You can find a [tutorial on Microsoft Docs](https://docs.microsoft.com/en-us/azure/purview/tutorial-using-rest-apis) on interacting with the REST API directly, however, in this notebook you simplify the process by making use of the [PyApacheAtlas](https://github.com/wjohnson/pyapacheatlas) Python package.
![PyApacheAtlas](./img/pyapacheatlas.png)

In [None]:
# First, start by installing PyApacheAtlas
!pip install pyapacheatlas

## Authenticate with Purview
In order to authenticate with Purview, you can use a service principal that you have given access to your Purview instance. If you don't yet have a service principal set up, you can follow the steps described in section [Configure your catalog to trust the service principal](https://docs.microsoft.com/en-us/azure/purview/tutorial-using-rest-apis#configure-your-catalog-to-trust-the-service-principal-application) of the REST API tutorial.

Before running the next cell, make sure to add your `tenant_id`, `client_id`, `client_secret` and `account_name`.

In [None]:
from pyapacheatlas.auth import ServicePrincipalAuthentication
from pyapacheatlas.core import PurviewClient

# Create authentication
# The parameters can be found in the 'Overview' and 'Certificates & secrets' pages of your service principal
auth = ServicePrincipalAuthentication(
    tenant_id = '', # Add directory (tenant) ID of your service principal (Overview page)
    client_id = '', # Add application (client) ID of your service principal (Overview page)
    client_secret = '' # Add client secret of your service principal (create on Certificates & secrets page)
)

# Note: Ideally we would store the secret in Azure Key Vault. We will have it here for demo purposes only!

# Create a client to connect to your service
client = PurviewClient(
    account_name = '', # Add name of your purview resource (see Properties page)
    authentication = auth
)

## Creating our first asset
Files, SQL tables and partitioned datasets are all referred to within Purview as assets. Note that Purview stores the metadata of these assets, not the actual data they contain. Assets are usually created when a resource is scanned by Purview, however, you can also create assets through the API.
With PyApacheAtlas you create an asset by first creating an `AtlasEntity` and then uploading it to Purview. During the creation of the entity, you specify the name, the type of the asset and its [qualified name](https://en.wikipedia.org/wiki/Fully_qualified_name). You can create your own type definition or select on of the built-in types, such as `azure_blob_object` or `azure_cosmosdb_database`. For now, you can just use the generic `DataSet` type definition.
In addition, you must provide a [GUID](https://en.wikipedia.org/wiki/Universally_unique_identifier) as an arbitrary negative value. When you upload the entity, it will be assigned a valid GUID. 

In [None]:
from pyapacheatlas.core import AtlasEntity
import json

# Create a new entity
firstAsset = AtlasEntity(
    name = "MyFirstCustomAsset", 
    typeName = "DataSet", 
    qualified_name = "demo://MyFirstCustomAsset",
    guid = -1000
)

# Upload that entity with the client
upload_results = client.upload_entities(firstAsset)
print(json.dumps(upload_results, indent=2))
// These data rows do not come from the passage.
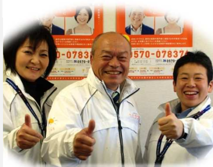
法テラス南三陸の職員

法テラスが開所して2年になりますね。当初、町民は「法テラスってなにっさ」という感じでしたね。南三陸町では、一人でも多くの方にお悩みを相談して頂きたい為に、防災行政無線広報や法テラス作成の「季刊ニュース」を南三陸町の広報誌と合わせて全戸配布にご協力をさせて頂いています。今では、法テラスの存在感が非常に高まりましたね。高台移転工事や土地の買い上げで相続などの問題が多く発生しています。法テラスは、これからが相談の正念場になるのではないのでしょうかね。
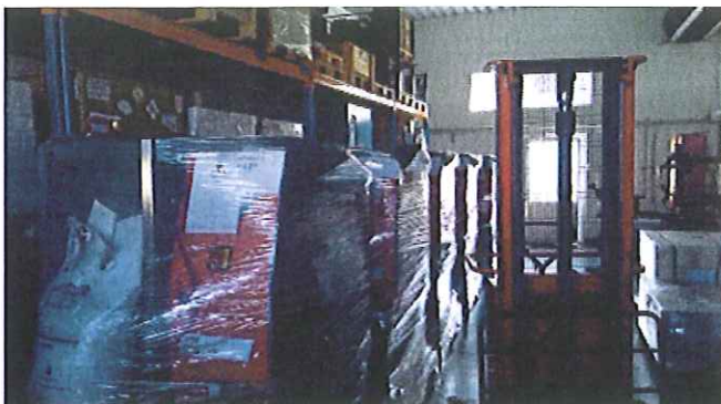
Skladové priestory spoločnosti
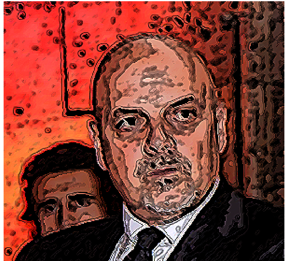
UN FRESCONE DI LUCA DELLA SUBBIA
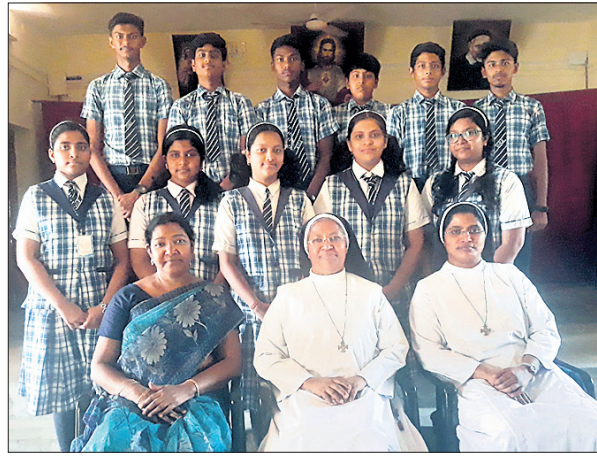
ମହାକାଶ ଗବେଷଣା କେନ୍ଦ୍ରର ସେକ୍ସ ଜିଲ୍ଲାସ୍ତରୀୟ କଳ୍ପନାଶିଳ୍ପ ପ୍ରତିଯୋଗିତାରେ ଭାଗ ନେଉଥିବା ଛାତ୍ରାଛାତ୍ରୀମାନଙ୍କ ସହିତ ମନୋନୀତ ଛାତ୍ରାଛାତ୍ରୀମାନେ।

ଆସନ୍ତା ୧୩, ୧୪ ଓ ୧୫ରେ ଯୁବଯୁବତୀ ଓ ଉଚ୍ଚମାଧ୍ୟମିକ ନ୍ୟାଶନାଲ ଏକାଡେମିକ୍ ଆଣ୍ଡ ଡେଭଲପମେଣ୍ଟ ଆଡମିନିଷ୍ଟ୍ରେସନ(ନାସା) କେନ୍ଦ୍ର ପରିସରରେ ଅନ୍ତର୍ଜାତୀୟ ରଚନା ପ୍ରତିଯୋଗିତା ସାଙ୍ଗକୁ ମହାକାଶ ବିଜ୍ଞାନ ସମ୍ପର୍କିତ ସମ୍ମିଳନୀ ଅନୁଷ୍ଠିତ ହେବ। ଏଥିରେ ବିଭିନ୍ନ ଦେଶର ଡିଭାଇନିକାଲ ସମେତ ବହୁ ମେଧାବୀ ଛାତ୍ରାଛାତ୍ରୀ ଭାଗ ନେବେ। ବାଲେଶ୍ୱର ସେକ୍ସ ଜିଲ୍ଲାସ୍ତରୀୟ କଳ୍ପନାଶିଳ୍ପ ପ୍ରତିଯୋଗିତାରେ ଅଂଶଗ୍ରହଣ କରିବା ଲାଗି ମନୋନୀତ ହୋଇ ଜିଲା ତଥା ରାଜ୍ୟ ପାଇଁ ଚୂନା ହୋଇଥିବା ଛାତ୍ରାଛାତ୍ରୀମାନଙ୍କୁ ନାସା କେନ୍ଦ୍ରରେ ପଢ଼ାଯିବ।
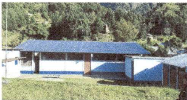
Foto 1: Sustitución de lámina por lámina troquelada Aluzinc calibre 26, sustitución de elementos de fijación.
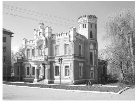
Рис. 9. Особняк Глікхера (1905р.)

П'ятий період містобудівного розвитку відбувається наприкінці ХІХ – початку ХХ ст. У Тульчині вже налічувалося близько 40 дрібних підприємств – цегельні, шкіряні й свічкові заводи, паровий і водяний млини, цукроварня, крупорушка, макаронна, тютюнова і каретна фабрики, вовночесалка, пивоварня і медоварня, завод штучних мінеральних вод. Місто мало понад чотириста невеликих крамниць, лавок, шинків, корчем. Діяли банківська і нотаріальна контори, готель, 12 заїжджих дворів.
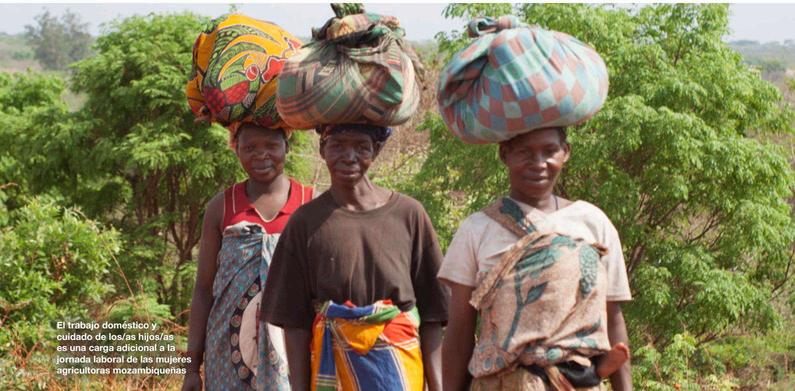
El trabajo doméstico y cuidado de los/as hijos/as es una carga adicional a la jornada laboral de las mujeres agricultoras mozambiqueñas

económicos de manera equitativa y sostenible, y contribuir así a disminuir las grandes diferencias de nivel de bienestar entre la población urbana y rural.
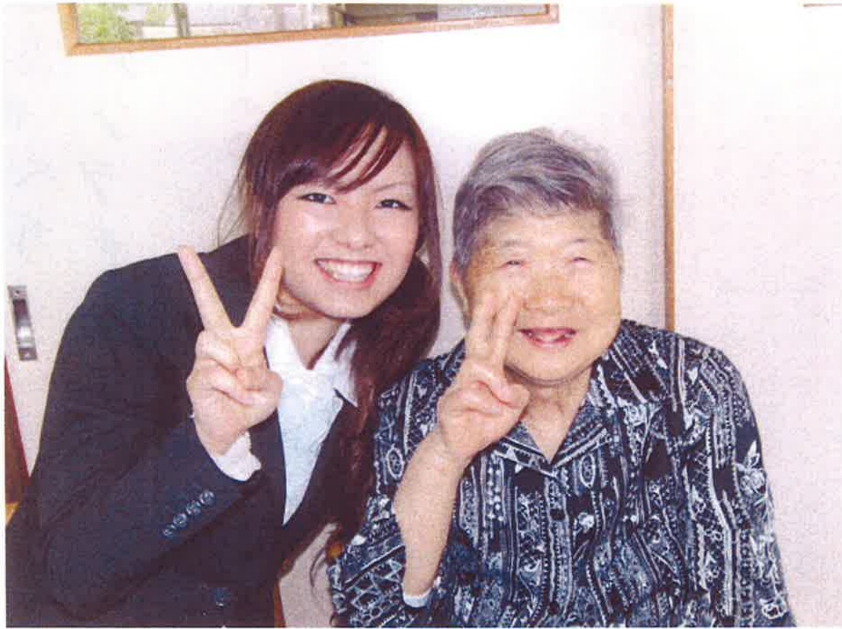
はい、チーズ！89才を迎えたKさん、実習生さんと

Check if your asset has been created. Navigate to your Purview Studio. Select **Browse assets** and then **Atlas Core** on the bottom. If everything worked, your asset will appear here.
![Our first custom asset in the Purview Studio](./img/check_first_asset.png)

## Creating custom data lineage
Purview can keep track of data lineage between assets, and you can create your own data lineage as well. To do so, first create two new assets. Then, connect them by creating an `AtlasProcess` and specify your assets as `input` and `output` respectively.

In [None]:
# Create two new entities
input01 = AtlasEntity(
    name = "Input01", 
    typeName = "DataSet", 
    qualified_name = "demo://input01",
    guid = -1001
)

output01 = AtlasEntity(
    name = "Output01", 
    typeName = "DataSet", 
    qualified_name = "demo://output01",
    guid = -1002
)

# Upload both entities with the client
upload_results = client.upload_entities([input01, output01])
print(json.dumps(upload_results, indent=2))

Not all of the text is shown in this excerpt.